On Wed, 16 Feb 2022 13:54:19 -0500
Steven Rostedt <[email protected]> wrote:
> That is, shutdown is called, the item is removed from the list and freed,
> but something got preempted while on the ftrace trampoline, with a
> reference to the item, and then woke up and executed the item that was
> freed.
>
> I'll look into it. Thanks for the report.
OK, I wonder if something changed with "is_kernel_core_date()"?
Because on registering, we have:
if (!is_kernel_core_data((unsigned long)ops))

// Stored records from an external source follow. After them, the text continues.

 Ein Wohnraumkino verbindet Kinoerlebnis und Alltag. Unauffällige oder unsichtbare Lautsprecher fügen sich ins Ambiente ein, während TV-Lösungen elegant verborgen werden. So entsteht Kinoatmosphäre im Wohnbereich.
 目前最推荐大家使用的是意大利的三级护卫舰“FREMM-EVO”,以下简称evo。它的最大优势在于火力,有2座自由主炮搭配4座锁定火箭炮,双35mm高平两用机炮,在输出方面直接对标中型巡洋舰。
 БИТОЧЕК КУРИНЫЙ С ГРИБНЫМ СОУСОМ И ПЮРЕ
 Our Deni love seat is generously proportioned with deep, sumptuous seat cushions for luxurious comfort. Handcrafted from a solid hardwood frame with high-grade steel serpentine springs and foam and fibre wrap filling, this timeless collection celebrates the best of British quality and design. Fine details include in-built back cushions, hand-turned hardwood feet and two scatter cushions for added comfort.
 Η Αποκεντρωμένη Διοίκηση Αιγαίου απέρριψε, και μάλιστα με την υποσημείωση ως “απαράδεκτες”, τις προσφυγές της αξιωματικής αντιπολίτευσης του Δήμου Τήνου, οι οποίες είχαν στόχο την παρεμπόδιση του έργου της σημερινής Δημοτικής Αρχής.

ops->flags |= FTRACE_OPS_FL_DYNAMIC;
and in the shutdown, we have:
/*
* Dynamic ops may be freed, we must make sure that all
* callers are done before leaving this function.

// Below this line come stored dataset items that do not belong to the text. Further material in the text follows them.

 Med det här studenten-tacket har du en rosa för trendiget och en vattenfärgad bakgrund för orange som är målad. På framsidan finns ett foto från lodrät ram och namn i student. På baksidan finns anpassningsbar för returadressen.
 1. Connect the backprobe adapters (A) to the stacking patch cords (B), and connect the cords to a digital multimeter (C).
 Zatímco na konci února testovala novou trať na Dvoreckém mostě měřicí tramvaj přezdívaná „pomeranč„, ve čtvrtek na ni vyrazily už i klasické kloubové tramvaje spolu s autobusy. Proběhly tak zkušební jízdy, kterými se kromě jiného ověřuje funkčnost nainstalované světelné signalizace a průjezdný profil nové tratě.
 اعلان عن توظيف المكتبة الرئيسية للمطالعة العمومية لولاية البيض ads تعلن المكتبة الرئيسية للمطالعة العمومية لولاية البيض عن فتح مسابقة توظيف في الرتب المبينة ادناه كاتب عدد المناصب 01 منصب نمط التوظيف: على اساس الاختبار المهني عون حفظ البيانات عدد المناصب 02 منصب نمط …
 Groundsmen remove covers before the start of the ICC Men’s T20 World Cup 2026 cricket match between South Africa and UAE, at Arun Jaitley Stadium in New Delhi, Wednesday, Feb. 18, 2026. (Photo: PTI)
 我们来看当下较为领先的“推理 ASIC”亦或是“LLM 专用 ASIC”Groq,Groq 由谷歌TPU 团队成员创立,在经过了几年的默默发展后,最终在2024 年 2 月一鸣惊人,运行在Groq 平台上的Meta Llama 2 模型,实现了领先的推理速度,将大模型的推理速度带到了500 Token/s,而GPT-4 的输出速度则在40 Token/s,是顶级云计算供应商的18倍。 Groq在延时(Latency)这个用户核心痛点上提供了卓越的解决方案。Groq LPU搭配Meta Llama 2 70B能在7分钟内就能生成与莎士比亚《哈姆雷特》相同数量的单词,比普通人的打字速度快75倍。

* The same goes for freeing the per_cpu data of the per_cpu
* ops.
*/
if (ops->flags & FTRACE_OPS_FL_DYNAMIC) {
/*
* We need to do a hard force of sched synchronization.

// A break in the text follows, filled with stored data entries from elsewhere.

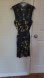 This chic silk, sleeveless dress features a captivating pattern in shades of black, blue, yellow and brown. It has slightly padded shoulders and an elastic waist for added comfort.
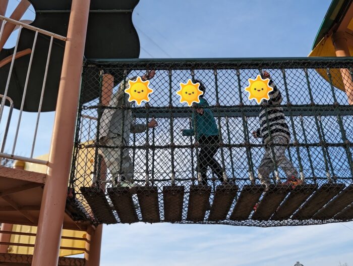 滑り台や吊り橋など面白そうなアスレチックがいっぱい😘
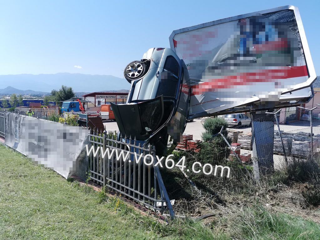Щетите са материални по автомобила, ударен стълб и билборд, както и бутната ограда.
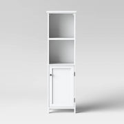 Keep your bathroom neat and organized with this Wood Linen Tower from Threshold™. This tall linen tower with a slim profile provides an attractive storage solution in any bathroom with limited space. Made from a sturdy wood frame, it ensures a durable finish for long-term-use. This practical piece features an inset door cabinet on the bottom for concealed storage and two open shelves to display decorative accents or often-used bath items. Place this piece against your empty bathroom wall space to create extra storage in smart space-saving style.
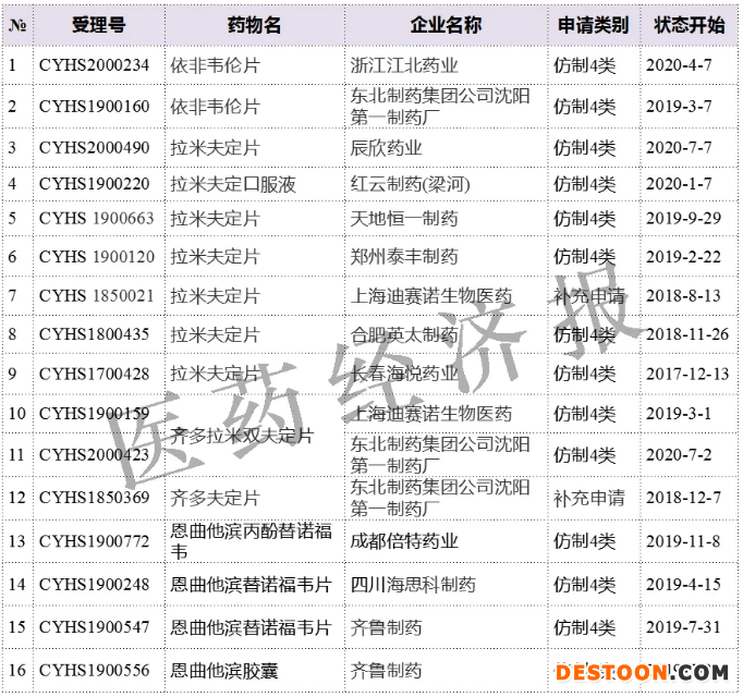 目前,還有許多廠商對替諾福韋二吡呋酯片仿制4類進(jìn)入最后階段,北京百奧藥業(yè)、蘇州東瑞制藥、蘇州弘森藥業(yè)、深圳科興生物、重慶藥友制藥、山東新時代藥業(yè)、江西青峰藥業(yè)、湖南千金湘江藥業(yè)、白云山制藥總廠等9家的替諾福韋二吡呋酯片在審評審批中(在藥審中心)。
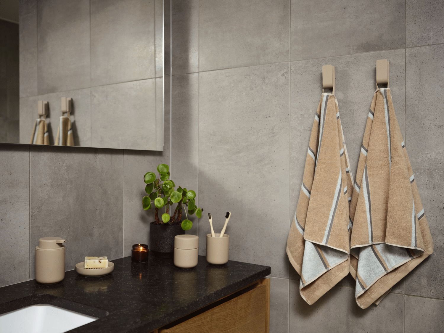 Zone Denmark præsenterer Ume sæbeskål i den varme nuance Camel – et stilrent og funktionelt tilbehør til badeværelset. Sæbeskålen er en del af den gennemtænkte Ume-serie, hvor form og funktion går hånd i hånd i et design skabt af designertrioen VE2.Sæbeskålen fremstår med en behagelig soft touch-overflade, der giver en eksklusiv fornemmelse ved berøring. Den praktiske udformning med riller i bunden sikrer, at overskydende vand ledes væk fra sæben, så den holder sig tør og holder længere. Med en diameter på 12 cm og en højde på 3 cm passer sæbeskålen perfekt til de fleste badeværelser uden at fylde for meget.
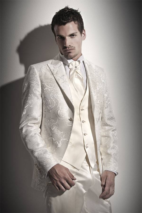 Мужские свадебные костюмы Категория: Мужские костюмы Обычно, к свадьбе особенно активно готовится невеста. Но если девушка красива как принцесса, у нее обязательно должен быть принц. К выбору свадебного костюма для мужчины следует подойти так же с должным вниманием. Свадьба – это торжество, позвольте себе более нарядный костюм, чем обычно. Несомненно, костюм жениха по цвету и по значению должен соответствовать платью невесты. К классическому пышному платью подойдет фрак для жениха, смокинг и галстук – бабочка. Невеста в платье со шлейфом или в современной короткой модели, то мужчине хорошо приобрести классический костюм или смокинг. Экстравагантные свадьбы, когда жених и невеста наряжаются в карнавальные костюмы, костюмы водолазов или пиратов, отдельная тема, но обсуждение нарядов должно проходить совместно.

* This is because we use preempt_disable() to do RCU, but
* the function tracers can be called where RCU is not watching
* (like before user_exit()). We can not rely on the RCU
* infrastructure to do the synchronization, thus we must do it
* ourselves.
*/
synchronize_rcu_tasks_rude();
/*
* When the kernel is preemptive, tasks can be preempted
* while on a ftrace trampoline. Just scheduling a task on
* a CPU is not good enough to flush them. Calling
* synchronize_rcu_tasks() will wait for those tasks to
* execute and either schedule voluntarily or enter user space.
*/
if (IS_ENABLED(CONFIG_PREEMPTION))
synchronize_rcu_tasks();
free_ops:
ftrace_trampoline_free(ops);
}
If the ops is not flagged as being allocated, or if one of the rcu
synchronizations has changed and allowed for us to continue, then this
would cause what you see.
-- Steve
Steven Rostedt <[email protected]> writes:
> On Wed, 16 Feb 2022 13:54:19 -0500
> Steven Rostedt <[email protected]> wrote:
>
>> That is, shutdown is called, the item is removed from the list and freed,
>> but something got preempted while on the ftrace trampoline, with a
>> reference to the item, and then woke up and executed the item that was
>> freed.
>>
>> I'll look into it. Thanks for the report.
>
> OK, I wonder if something changed with "is_kernel_core_date()"?
>
> Because on registering, we have:
>
> if (!is_kernel_core_data((unsigned long)ops))
> ops->flags |= FTRACE_OPS_FL_DYNAMIC;
I checked, and the flag gets set here. I cannot say whether it
is also set when the system crashes, but i would expect it.